▸ Task details:
Beginning with the first entry, set down each one exactly as shown.

▸ Data for review:
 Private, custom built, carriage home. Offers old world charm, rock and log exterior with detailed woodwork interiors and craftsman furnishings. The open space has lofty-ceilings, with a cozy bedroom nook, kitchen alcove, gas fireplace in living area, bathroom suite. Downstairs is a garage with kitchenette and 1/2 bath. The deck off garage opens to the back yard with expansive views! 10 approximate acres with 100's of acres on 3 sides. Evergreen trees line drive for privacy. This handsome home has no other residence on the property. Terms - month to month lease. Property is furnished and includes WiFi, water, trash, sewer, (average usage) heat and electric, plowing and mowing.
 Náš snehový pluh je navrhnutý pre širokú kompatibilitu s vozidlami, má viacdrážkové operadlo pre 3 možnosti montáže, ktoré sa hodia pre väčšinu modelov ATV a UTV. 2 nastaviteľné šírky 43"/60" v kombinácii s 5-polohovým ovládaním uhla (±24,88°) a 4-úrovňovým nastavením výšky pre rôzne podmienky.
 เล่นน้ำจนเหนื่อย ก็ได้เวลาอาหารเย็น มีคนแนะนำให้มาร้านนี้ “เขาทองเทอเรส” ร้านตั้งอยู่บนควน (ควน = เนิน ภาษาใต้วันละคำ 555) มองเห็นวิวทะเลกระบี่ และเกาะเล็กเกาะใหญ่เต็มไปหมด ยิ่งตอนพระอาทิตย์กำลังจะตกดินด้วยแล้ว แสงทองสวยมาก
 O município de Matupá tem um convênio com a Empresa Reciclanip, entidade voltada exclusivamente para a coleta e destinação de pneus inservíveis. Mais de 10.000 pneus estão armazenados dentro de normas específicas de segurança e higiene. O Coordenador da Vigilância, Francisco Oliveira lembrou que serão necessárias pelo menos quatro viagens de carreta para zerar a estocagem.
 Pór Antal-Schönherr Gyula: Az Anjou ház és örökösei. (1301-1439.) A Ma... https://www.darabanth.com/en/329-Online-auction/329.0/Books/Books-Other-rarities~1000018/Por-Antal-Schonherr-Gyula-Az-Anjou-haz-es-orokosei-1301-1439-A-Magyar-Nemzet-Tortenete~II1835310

▸ Reply to the task:
 Private, custom built, carriage home. Offers old world charm, rock and log exterior with detailed woodwork interiors and craftsman furnishings. The open space has lofty-ceilings, with a cozy bedroom nook, kitchen alcove, gas fireplace in living area, bathroom suite. Downstairs is a garage with kitchenette and 1/2 bath. The deck off garage opens to the back yard with expansive views! 10 approximate acres with 100's of acres on 3 sides. Evergreen trees line drive for privacy. This handsome home has no other residence on the property. Terms - month to month lease. Property is furnished and includes WiFi, water, trash, sewer, (average usage) heat and electric, plowing and mowing.
 Náš snehový pluh je navrhnutý pre širokú kompatibilitu s vozidlami, má viacdrážkové operadlo pre 3 možnosti montáže, ktoré sa hodia pre väčšinu modelov ATV a UTV. 2 nastaviteľné šírky 43"/60" v kombinácii s 5-polohovým ovládaním uhla (±24,88°) a 4-úrovňovým nastavením výšky pre rôzne podmienky.
 เล่นน้ำจนเหนื่อย ก็ได้เวลาอาหารเย็น มีคนแนะนำให้มาร้านนี้ “เขาทองเทอเรส” ร้านตั้งอยู่บนควน (ควน = เนิน ภาษาใต้วันละคำ 555) มองเห็นวิวทะเลกระบี่ และเกาะเล็กเกาะใหญ่เต็มไปหมด ยิ่งตอนพระอาทิตย์กำลังจะตกดินด้วยแล้ว แสงทองสวยมาก
 O município de Matupá tem um convênio com a Empresa Reciclanip, entidade voltada exclusivamente para a coleta e destinação de pneus inservíveis. Mais de 10.000 pneus estão armazenados dentro de normas específicas de segurança e higiene. O Coordenador da Vigilância, Francisco Oliveira lembrou que serão necessárias pelo menos quatro viagens de carreta para zerar a estocagem.
 Pór Antal-Schönherr Gyula: Az Anjou ház és örökösei. (1301-1439.) A Ma... https://www.darabanth.com/en/329-Online-auction/329.0/Books/Books-Other-rarities~1000018/Por-Antal-Schonherr-Gyula-Az-Anjou-haz-es-orokosei-1301-1439-A-Magyar-Nemzet-Tortenete~II1835310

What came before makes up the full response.